En décembre 2008, PDI apprend que RQ, qui administre la TPS au Québec, a déclaré qu’une solution contenant de l’épinéphrine ne pouvait être assimilée à l’épinéphrine elle-même et qu’elle était taxable. Comme cette déclaration est claire et définitive, et que PDI souhaite se conformer à ses obligations fiscales, la société commence à percevoir et à remettre la TPS sur ses ventes de la solution. PDI fait l’objet d’une vérification en 2009-10, et le vérificateur de RQ confirme clairement que la solution anesthésique est taxable. Le vérificateur établit un avis de cotisation en mars 2010 pour plus de 1 M$ de TPS non remise sur la solution de 2005 à 2008.

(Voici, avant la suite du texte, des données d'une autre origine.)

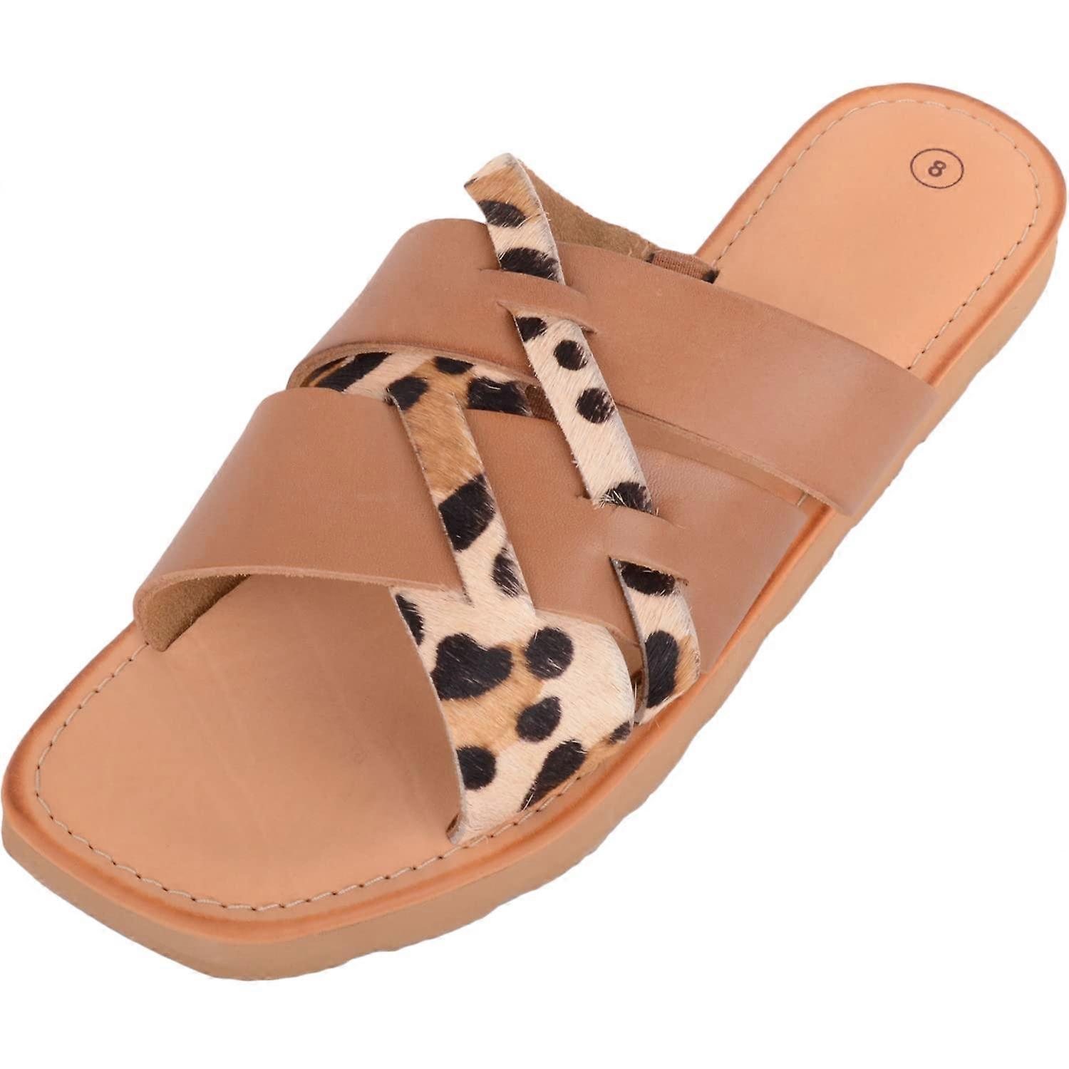 Absolute Footwear Genuine Leather Animal Print Slip On Mule Sandals Sliders
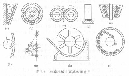 (2)根據(jù)破碎方式、機械的構造特征(動作原理)來劃分,將破碎機械大體分為六類,如圖2-9所示。
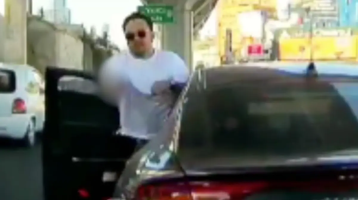 Imágenes del nuevo incidente muestran al sujeto fuera del automóvil, empuñando el arma con la mano derecha y apuntando hacia el frente en actitud amenazante.

PDI ne fait pas opposition dans le délai de 90 jours (pour juin 2010), parce qu’elle n’a aucune raison de penser que la solution anesthésique n’est pas taxable. Cependant, en mars 2011, un cabinet de consultants en TPS qui revoit les affaires de PDI informe la société qu’à la lumière d’un jugement de 2007 dans une cause connexe (mais non identique), la solution anesthésique pourrait bien être exonérée de TPS.

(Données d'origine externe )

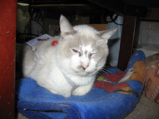2003年10月15日にデコ♀ボク♂姉弟(兄妹)を保護した日~。町内にあるスーパーのビニール袋に入れられて、我が家の敷地に捨てられてたよねぇ~。今年で9歳になります。2003年当時の手前デコ♀と後ろにボク♂2003年のデコ♀現在のデコ♀殆ど変わってないよねぇ~。病気もなく、スクスクと育ったねぇ~。2003年のボク♂現在のボク♂太ったよねぇ~。デカいボクになったねぇ~。^^14日は何かあったかな??今朝の最低気温は11.21度~。最高気温は19.6度。朝から曇り空。気温も上がらず、寒い一日になりました。寒くなったので、冬支度~~。居間にはホットカーペットを敷いたョ。これで急に寒くなっても大丈夫!いつでも電源を入れることができる~。コタツには、薄いカバーを掛けてる~。猫達のケージには、ひざ掛け毛布が入ってるけど、寒がり猫もいてるので、『あったかマット』を入れたよ~。これで様子見です。寒い日が続くようになると、猫達が寒そうにすると、ケージの中には、ミニホットマット(座布団サイズ)を入れます。今日はお昼前から猫達の雑用をやってて、思ってるより時間がかかって、皆様の所へ、お邪魔することができなかったです。m(__)m様子見(=^-^=)達は、ウンチッチ♂スリリン♀ふく♀ホワイト♂あい♀の5匹毎日の飲み薬(=^-^=)達は、ウンチッチ♂スリリン♀ふく♀ホワイト♂の4匹4匹の薬は、缶詰に混ぜてます。只、スリリン♀は缶詰を食べないことが多いから、薬を飲ませることが難しいです。二日に1回の薬はあい♀旦那がシッカリ持って、σ(^_^)アタシがシリンジで飲ませてます。まだまだ手がかかってます。申し訳ないですが、暫くは、コメントへのお返事は無理みたいです。
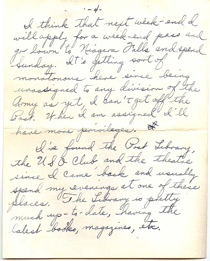 Tell Bob that he ought to see these Airacobras being tested around here. They zoom in here from out of nowhere and get out of sight fast. I think he’d get a kick out of it and you probably would too. I think that next week-end I will apply for a weekend pass and go down to Niagara Falls and spend Sunday. It’s getting sort of monotonous here since being unassigned to any division of the Army as yet, I can’t get off the Post. When I am assigned I’ll have more privileges.

PDI obtient un rapport d’expert en médecine dentaire le 21 avril 2011, confirmant que l’épinéphrine constitue un ingrédient essentiel de la solution, ce qui semblerait l’affranchir de la TPS à la lumière du jugement dans la cause connexe. Six jours plus tard, soit le 27 avril 2011, PDI demande une prorogation de délai pour faire opposition.
L’ARC rejette la demande de prorogation, et PDI s’adresse à la CCI pour demander la prorogation. Il était clair que PDI n’avait pas l’intention de s’opposer avant l’expiration du délai de 90 jours. La question était donc de savoir si PDI était «incapable d’agir» pendant la période de 90 jours.

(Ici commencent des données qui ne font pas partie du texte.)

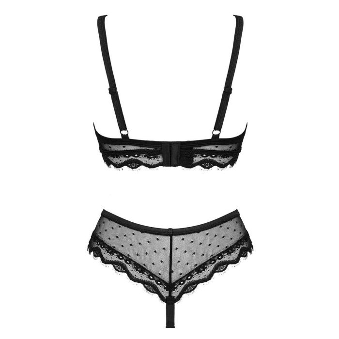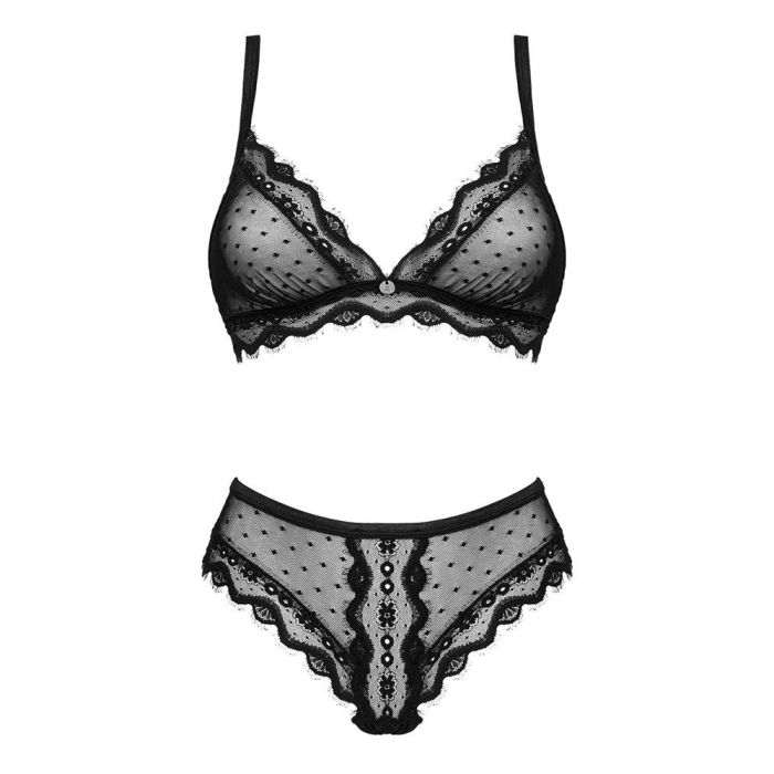 Ga voor stijlvolle verleiding! Deze lingerie set van het merk Obessive bestaat uit een bh en bijpassende string in een prachtig dot motief. Daarnaast heeft deze set ook prachtige accenten van delicaat wimperkant en daardoor krijgt deze lingerie set een luxe uitstraling. De set is zijdezacht en elastisch waardoor het draagcomfort erg hoog is. De beha heeft een decoratief element tussen de softcups en de bandjes zijn volledig verstelbaar. De bijpassende string zal bij jou hoog scoren dankzij de goede pasvorm waardoor je billen op een spannende manier benadrukt zullen worden.
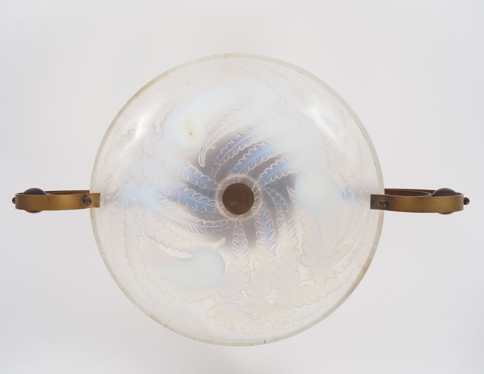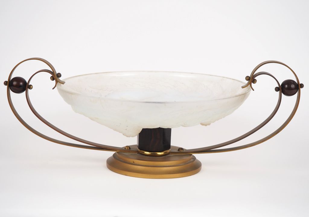 ETLING. Coupe montée de style Art Déco en verre et verre opalescent à décor de feuillage. Monture ajourée en laiton et ébene de macassar. Dim. 13 x 30 x 46 cm
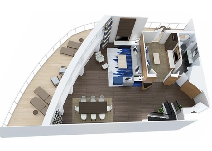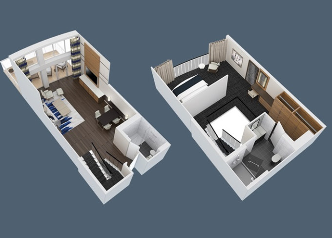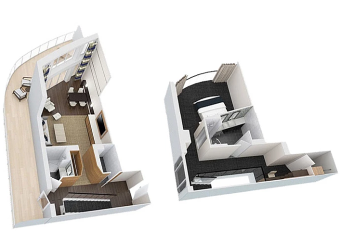 OL - Owner Loft Suite s balkónom 90 m² + balkón 46 m². 2-podlažný apartmán, 2 spálne, 2 kúpeľne. 8. paluba. Max 4 osoby. Výhody Royal Suite Class. 21 736 € 5 434 € za osobu
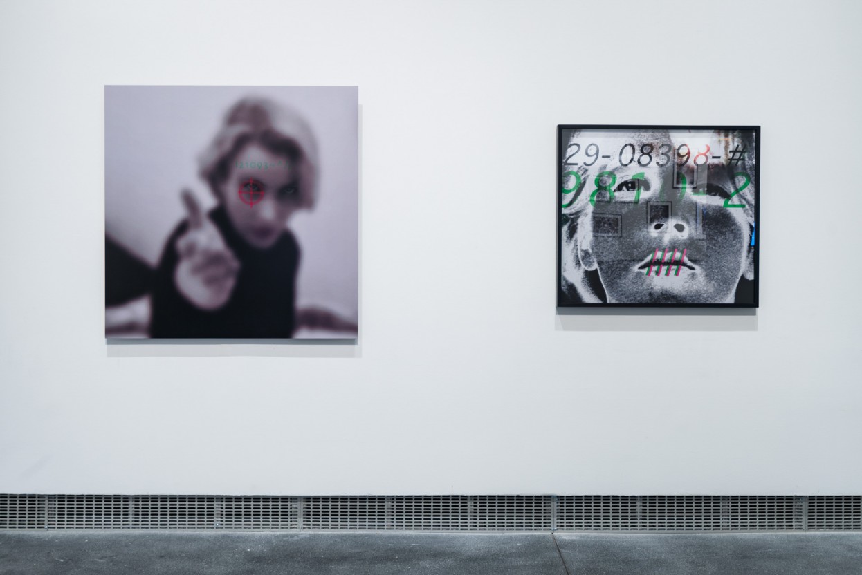 In contrast, Cyborg Series (1994–2006) presents a deeply menacing set of highly manipulated images. The work Identity Cyborg (1996) features a color reversal image of woman's face. Large graphically overlaid numbers suggest a cyborg's model or serial number. Like a social security number, Hershman Leeson evokes the ways that numbers can be used to track and surveil us, reducing our individuality to data. Additionally, simple graphic lines overlay her lips to suture them closed, indicating the violation of being silenced. Cyborg 9 (1999) presents a crosshair layered over a woman's eye, weaponizing her vision while at the same time suggesting her vision being the target. Adding to this duality, in the heavily blurred image her hand is outstretched in a way that beckons help while at the same time pantomimes a gun. The play of vision and visibility suggest both the predatory and vulnerable nature of today's or future technologies.

Le juge de la CCI a accueilli la demande. À son avis, PDI était «incapable d’agir» parce qu’elle ne disposait pas de toute l’information. La cause connexe avait été entendue par le tribunal plusieurs années auparavant; or, le vérificateur de RQ n’en était pas au courant et ne l’avait donc pas portée à l’attention de PDI. La décision de PDI de ne pas faire opposition dans le délai de 90 jours n’était pas une décision «éclairée», puisqu’elle se fondait sur les assertions définitives de RQ suivant lesquelles la solution anesthésique était taxable.
De plus, il serait «juste et équitable» d’accueillir la demande, satisfaisant une autre des conditions prévues pour une prorogation de délai. La question de savoir si la solution anesthésique était taxable était clairement légitime et sérieuse, et méritait d’être étudiée, considérant en particulier que plus de 1 M$ étaient en jeu. PDI «a démontré, par ses agissements passés, qu’elle a toujours tenu à se conformer à ses obligations fiscales», et elle ne devrait pas être laissée sans recours.
Ce jugement établit de nouvelles balises en permettant une prorogation de délai même si le contribuable en cause n’a pas réellement eu l’intention de faire appel dans les 90 jours.